------ Data listing
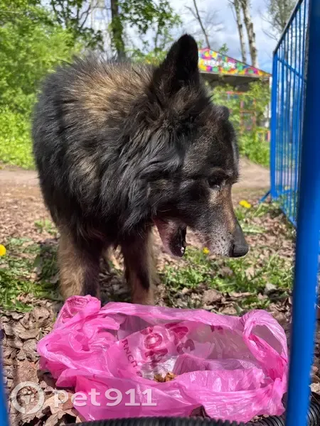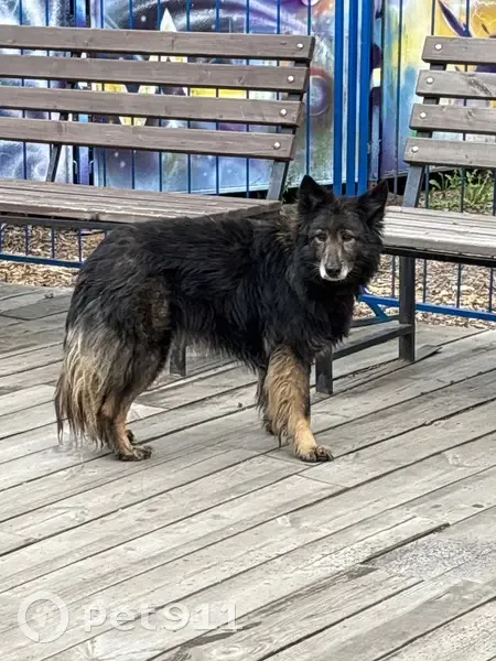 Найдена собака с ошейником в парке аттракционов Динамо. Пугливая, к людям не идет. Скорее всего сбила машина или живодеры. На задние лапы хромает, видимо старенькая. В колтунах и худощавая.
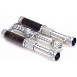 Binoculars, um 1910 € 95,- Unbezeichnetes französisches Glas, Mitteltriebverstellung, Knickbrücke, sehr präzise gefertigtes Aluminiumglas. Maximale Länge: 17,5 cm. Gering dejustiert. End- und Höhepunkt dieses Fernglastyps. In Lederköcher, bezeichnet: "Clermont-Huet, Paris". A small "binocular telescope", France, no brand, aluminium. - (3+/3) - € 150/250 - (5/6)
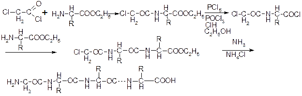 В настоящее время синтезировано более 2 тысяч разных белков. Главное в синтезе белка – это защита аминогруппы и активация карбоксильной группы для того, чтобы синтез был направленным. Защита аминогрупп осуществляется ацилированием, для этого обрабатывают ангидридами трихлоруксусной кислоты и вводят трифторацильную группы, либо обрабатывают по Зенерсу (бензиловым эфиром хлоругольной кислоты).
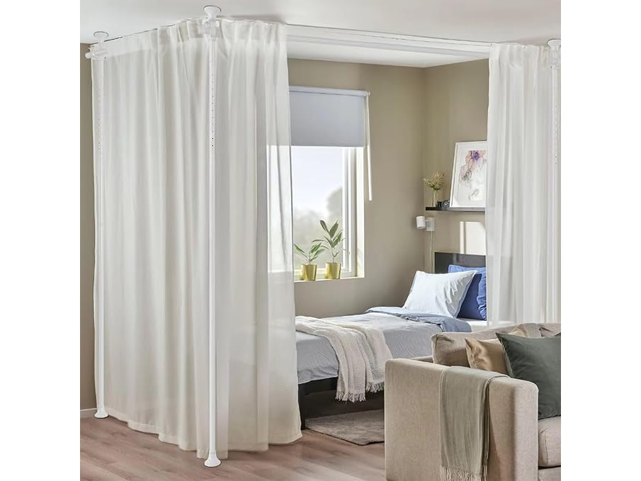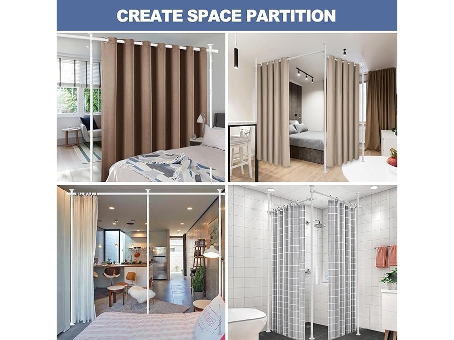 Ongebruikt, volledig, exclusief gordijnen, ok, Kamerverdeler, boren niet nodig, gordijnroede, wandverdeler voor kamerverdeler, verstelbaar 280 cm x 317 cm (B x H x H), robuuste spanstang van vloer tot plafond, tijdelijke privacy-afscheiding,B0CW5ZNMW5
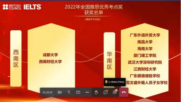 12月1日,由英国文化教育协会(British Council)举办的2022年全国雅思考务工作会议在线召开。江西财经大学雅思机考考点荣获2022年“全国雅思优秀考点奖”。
------------
» Work instruction:
Every line above should be retyped exactly; the pictures do not belong in the copy.

» Answer below:
 Найдена собака с ошейником в парке аттракционов Динамо. Пугливая, к людям не идет. Скорее всего сбила машина или живодеры. На задние лапы хромает, видимо старенькая. В колтунах и худощавая.
 Binoculars, um 1910 € 95,- Unbezeichnetes französisches Glas, Mitteltriebverstellung, Knickbrücke, sehr präzise gefertigtes Aluminiumglas. Maximale Länge: 17,5 cm. Gering dejustiert. End- und Höhepunkt dieses Fernglastyps. In Lederköcher, bezeichnet: "Clermont-Huet, Paris". A small "binocular telescope", France, no brand, aluminium. - (3+/3) - € 150/250 - (5/6)
 В настоящее время синтезировано более 2 тысяч разных белков. Главное в синтезе белка – это защита аминогруппы и активация карбоксильной группы для того, чтобы синтез был направленным. Защита аминогрупп осуществляется ацилированием, для этого обрабатывают ангидридами трихлоруксусной кислоты и вводят трифторацильную группы, либо обрабатывают по Зенерсу (бензиловым эфиром хлоругольной кислоты).
 Ongebruikt, volledig, exclusief gordijnen, ok, Kamerverdeler, boren niet nodig, gordijnroede, wandverdeler voor kamerverdeler, verstelbaar 280 cm x 317 cm (B x H x H), robuuste spanstang van vloer tot plafond, tijdelijke privacy-afscheiding,B0CW5ZNMW5
 12月1日,由英国文化教育协会(British Council)举办的2022年全国雅思考务工作会议在线召开。江西财经大学雅思机考考点荣获2022年“全国雅思优秀考点奖”。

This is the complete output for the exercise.